2021-04-26 04:03:34: pid 12: DETAIL:  waiting for the reply...
2021-04-26 04:03:34: pid 68: LOG:  degenerate backend request for 1
node(s) from pid [68], will be handled by watchdog

This makes me think the sequence of events involves other pgpool nodes:
* The instruction to detach primary node 0 is performed on node 0 and
forwarded to node 1.
* pgpool node 1 starts the failover, promoting backend node 1
* pgpool node 2 wrongfully detects a false primary and requests to
detach backend node 1
* pgpool node 1 accepts this request and starts to detach node 1,
while it is in the middle of instructing node 0 and 2 to follow this
node as primary

> > Another thing is that the I'm not sure if the change to
> > verify_backend_node_status will not cause any other unwanted effects.
> > This requires a bit more explanation on why we enabled
> > detach_false_primary in the first place. We were seeing some failures
> > in our tests in the following scenario:
> > * We start with a healthy, 3 node cluster, node 0 is both primary
> > database and pgpool leader
> > * We terminate node 2 and completely wipe its database directory
> > * Node 2 is restarted and will initialize a new, empty database
> > * Node 2 rejoins the cluster
> > * Pgpool now detects it has 2 primaries  (node 0 and 2) and 1 (node 1)
> > standby, but without detach_false_primary, it doesn't act on its own
> > * find_primary_node gets the following status information: primary,
> > standby, primary and will return the highest backend number, which is
> > 2 in this case. This conflicts with the actual state of the system, as
> > node 0 was the real primary.
> > In our case, this was causing issues in our application. I'm not
> > familiar enough with the internals of pgpool itself, but I can image
> > this might cause issues in some situations. IMHO pgpool should not
> > 'change its mind' on which node is the primary in the middle of a
> > failover, as that is probably going to cause a lot of issues. It could
> > well be that the outcome of find_primary_node does not really matter
> > at this point, but that's hard for me to judge.
>
> I see your point. Actually I was able to reproduce what you said.
>
> # 1. create 3 node streaming replication cluster
> # primary, standby, standby
> pgpool_setup -n 3
>
> # 2. detach node 2
> pcp_detach_node 2
>
> # 2. make node 2 primary
> pg_ctl -D data2 promote
>
> # 3. attach node 2
> pcp_attach_node 2
>
> At this point, the cluster is: standby, standby, primary, as you said.

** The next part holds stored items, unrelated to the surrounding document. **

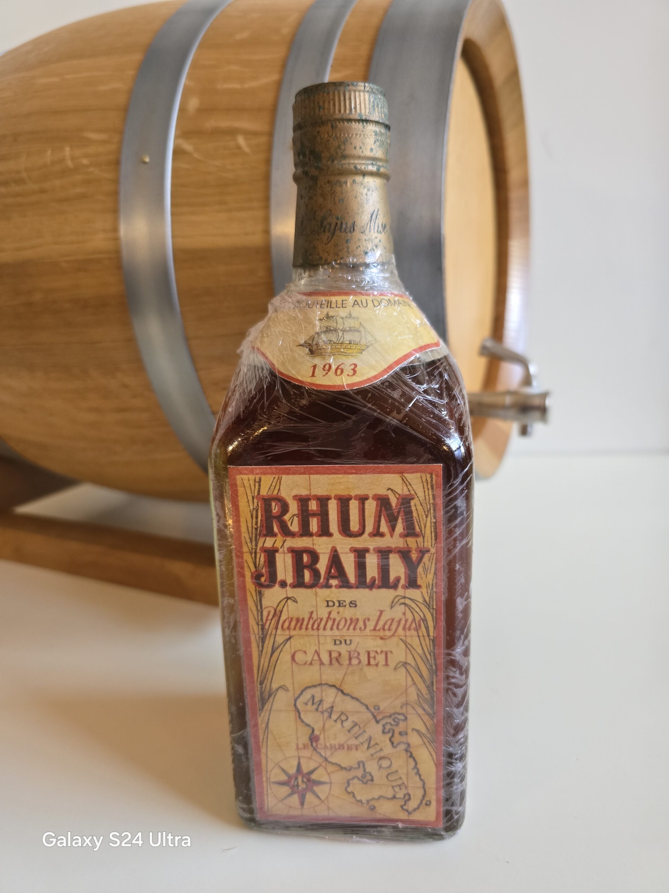 Le rhum vieux BALLY 75 CL 45° millésime 1963 à vieilli pendant de longues années en fûts de chêne dans les chais de la distillerie aux Plantations LAJUS DU CARBET . Un rhum vieux d’exception de la réputée distillerie BALLY en MARTINIQUE . Etiquette abimée et marquée , capsule corrodée.
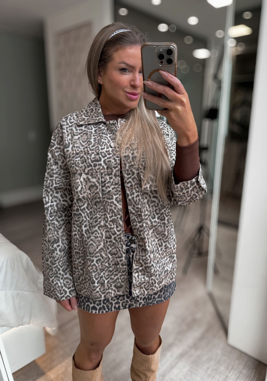 Jaqueta jeans alongada com estampa de onça, possui bolsos funcionais, botão no punho e fechamento frontal em botão. Peça indispensável em seu guarda roupa e uma ótima opção para compor vários looks estilosos.
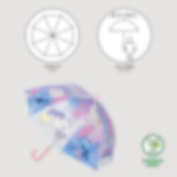 Machen Sie Regentage magischer mit diesem farbenfrohen Kinderregenschirm mit Stitch aus Lilo & Stitch! Der Schirm hat einen Durchmesser von ca. 71 cm und besteht aus robustem PoE und Fiberglas. Er verfügt über 8 Streben und wird manuell geöffnet. Mit seinem verspielten Design mit Stitch wird dieser Schirm schnell zum Favoriten bei allen kleinen Fans des Films.
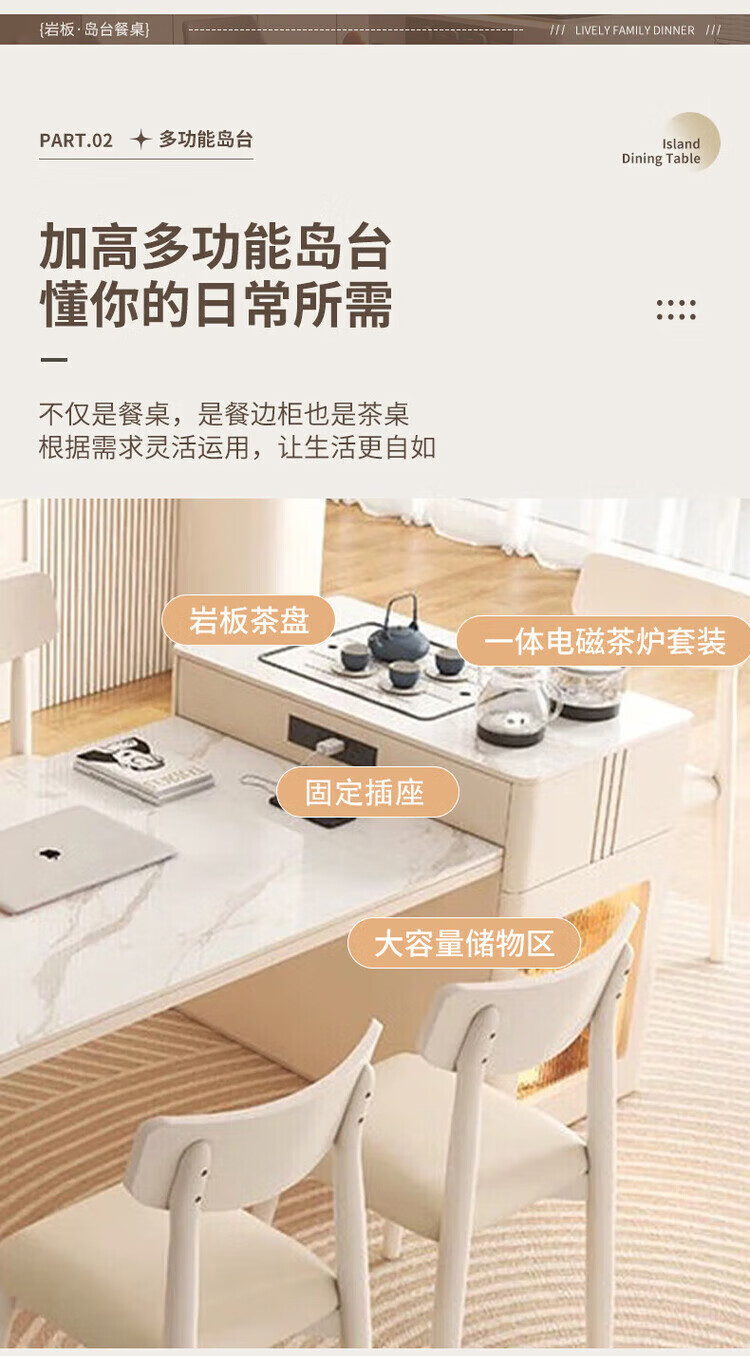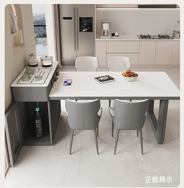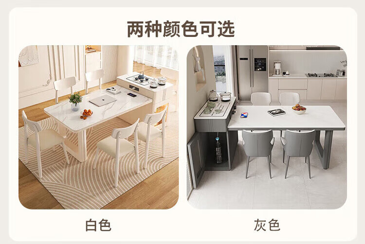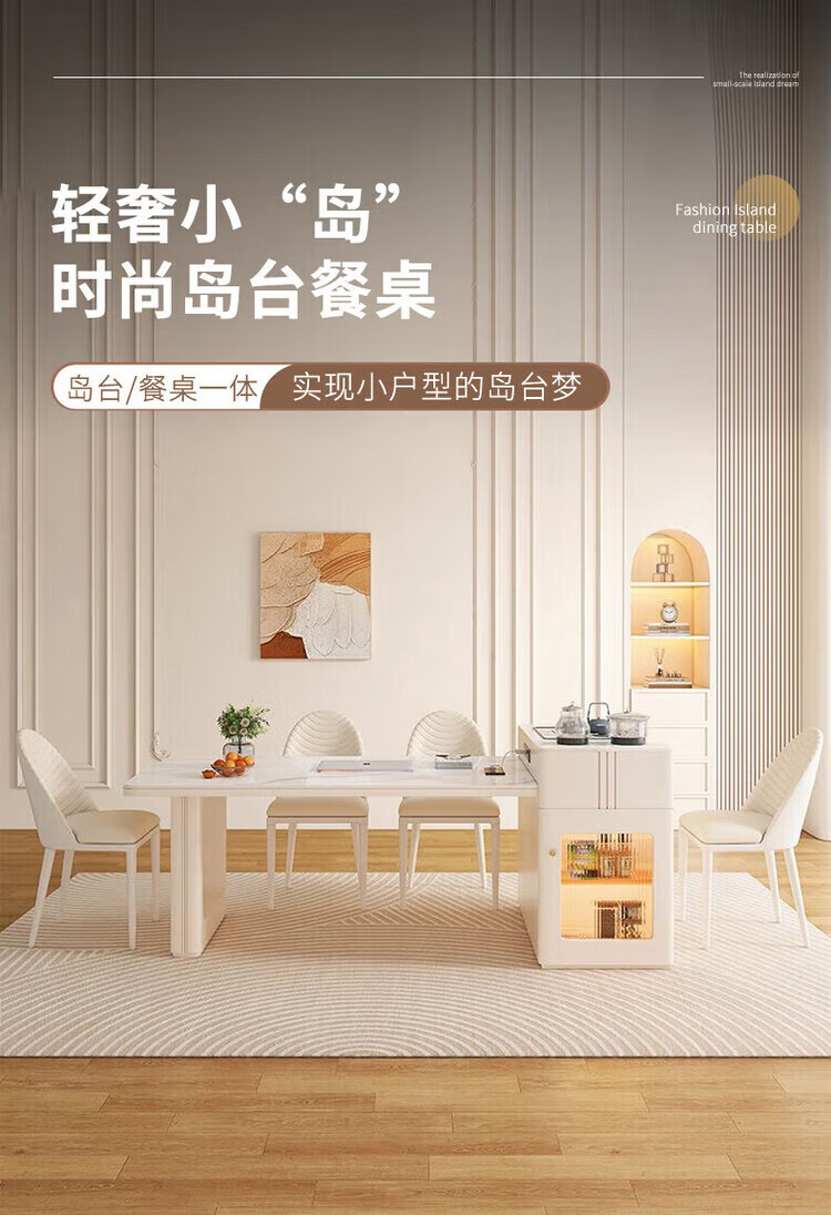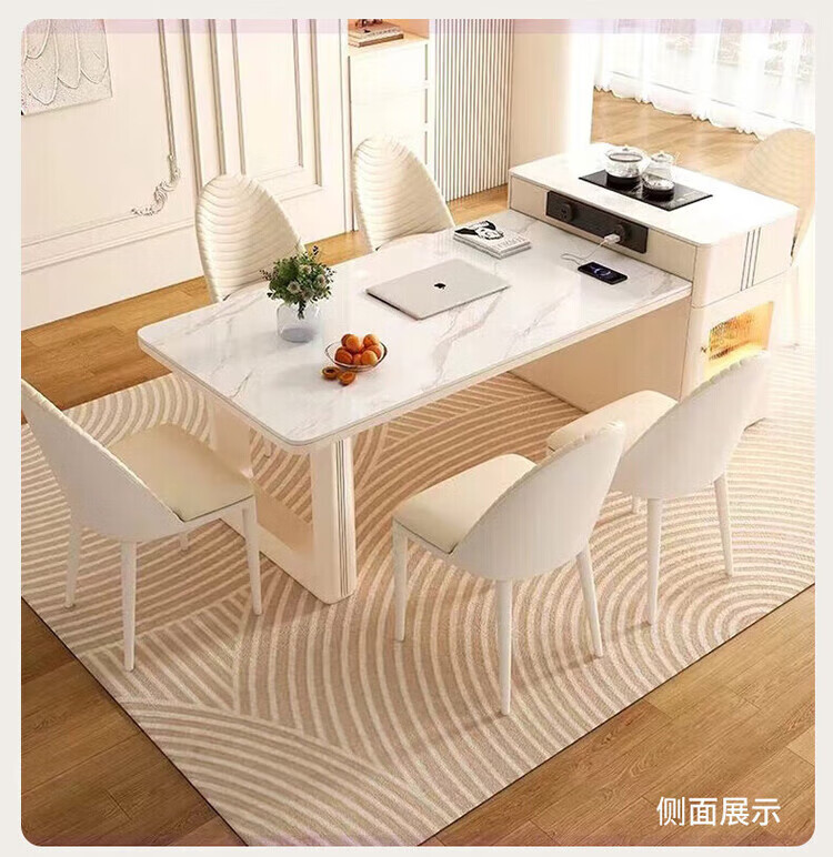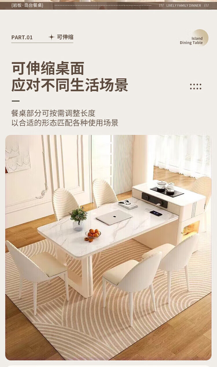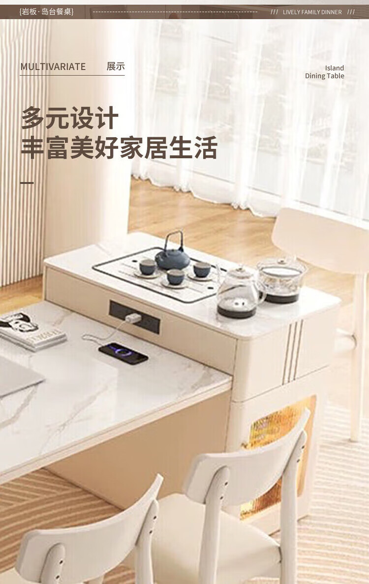 Lunzhuo Cream Style Slate Island Table Dining Table Tea Table Integrated Retractable Small Household Light Luxurious Modern Simple Dining Table Wear-resistant 12mm Slate Orbital Socket Straight Side Tea Stove 1.6 Meters 1 Table 6 Furry Chairs

You mean 'primary, standby, primary' here, right?

> In this case find_primary_node really ought to choose node 0 as the
> real primary because node 1 is connected standby to node 0, but node
> does not have any connected standby. I will fix this.

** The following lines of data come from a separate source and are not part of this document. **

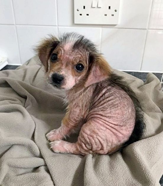 The puppy, initially named Honey, was left practically bald after all of her fur fell out, due to a nasty case of mange. She was brought into the vet’s office by her previous owners, who had neglected the sweet pup for far too long.
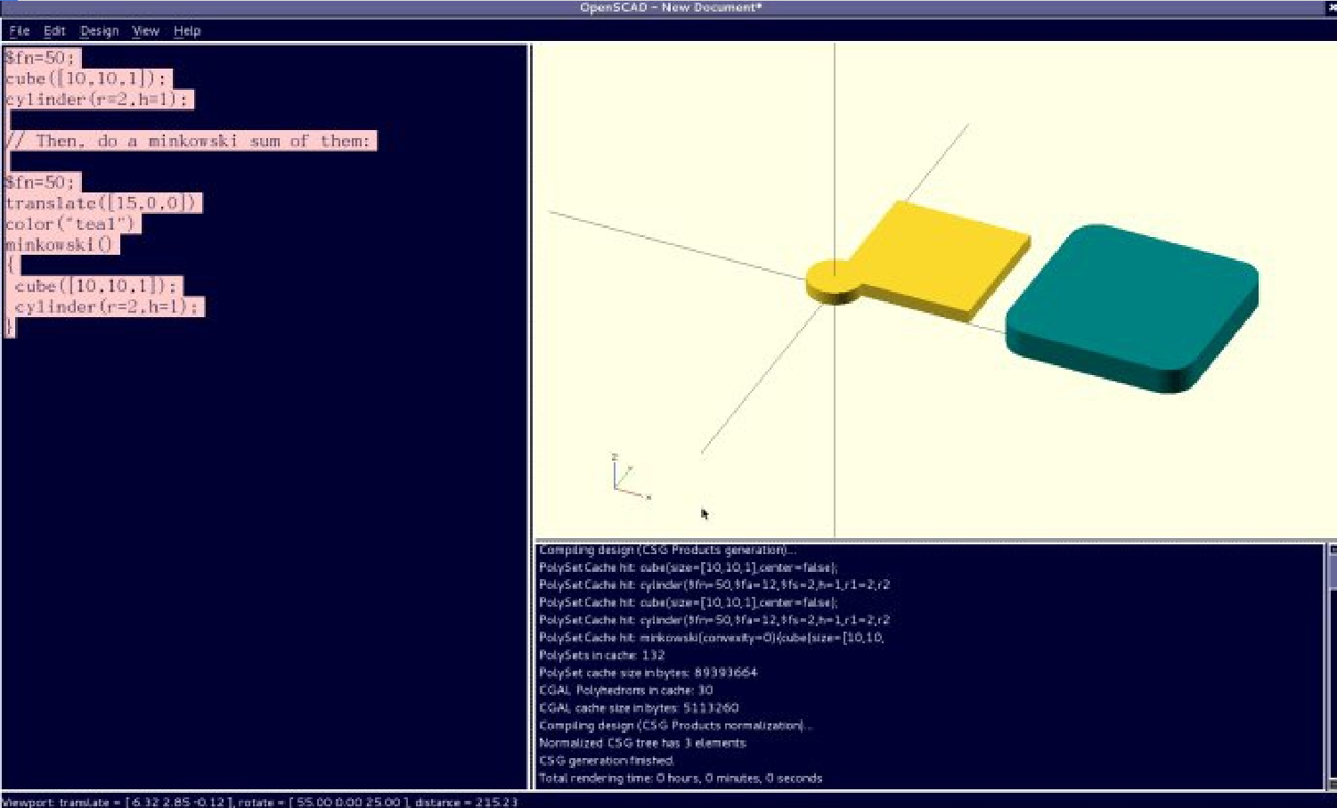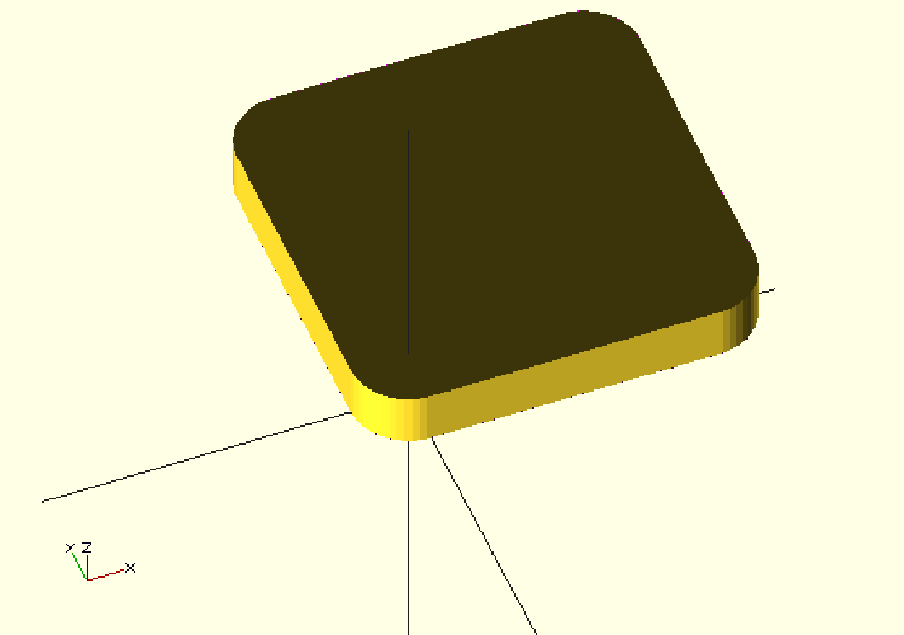$fn=50; cube([10,10,1]); cylinder(r=2,h=1); Then, do a minkowski sum of them: $fn=50; minkowski() { cube([10,10,1]); cylinder(r=2,h=1); }
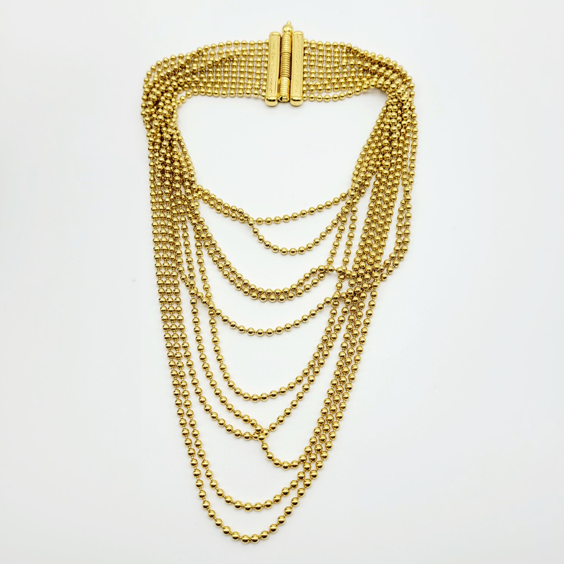 This gorgeous vintage YSL necklace is a very unique jewelry. This women necklace features 10 layers of ball chains. The best thing about this Yves Saint Laurent necklace is that you can be creative and wear it in different ways (as shown in the photos).
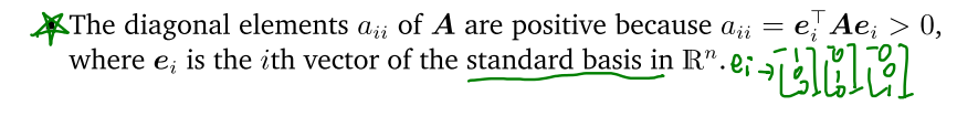 因为令x为standard basis时,\(x^TAx>0\)其实就约束着A的对角线上的元素>0.

Great, I think the logic to determine the (most likely) primary should
be the same whether detach_false_primary is enabled or not. The switch
should only enable/disable the detaching part.

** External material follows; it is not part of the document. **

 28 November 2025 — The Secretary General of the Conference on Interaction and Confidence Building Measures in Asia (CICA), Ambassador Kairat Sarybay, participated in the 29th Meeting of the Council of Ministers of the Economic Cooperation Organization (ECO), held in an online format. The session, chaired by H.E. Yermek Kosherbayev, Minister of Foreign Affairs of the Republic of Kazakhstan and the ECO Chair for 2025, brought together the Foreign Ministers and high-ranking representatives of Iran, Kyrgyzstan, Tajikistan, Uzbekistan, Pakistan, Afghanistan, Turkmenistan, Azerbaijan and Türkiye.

> In the mean time I am not really sure Pgpool-II should not 'change its
> mind' on which node is the primary in the middle of a
> failover. Because the former primary is not always necessarily a
> correct primary. For example, if we start with #3 above and
> detach/attach node 0, probably we want node 0 be new primary.
>
> Probably new rule would be:
>
> Pgpool-II should not 'change its mind' on which node is the primary in
> the middle of a failover if there's no reliable way to judge which is
> the correct primary (for example, there are multiple primaries but no
> standby).
>
> What do you think?

What I meant is that the most likely primary should be decided at one
point, and pgpool should stick with that until it at least completed
the steps it decided to take. In the past few weeks, I've observed
several instances where pgpool 'changing its mind' while it was still
executing failover or follow primary commands. This resulted in
strange commands, like: make node 1 follow node 1 as it's primary, but
also things like make node 2 do a pg_basebackup from node 1 while node
1 was in the middle of a pg_basebackup from node 0. Many of these
failures are less likely to occur in the real, but do surface in our
tests, because these tests have very short pauses between actions. So,
if you decide node x will be the new primary, at least stick to that
conclusion until you are done executing all steps necessary for a
complete failover to node x, including the follow primary commands.

Best regards,
Emond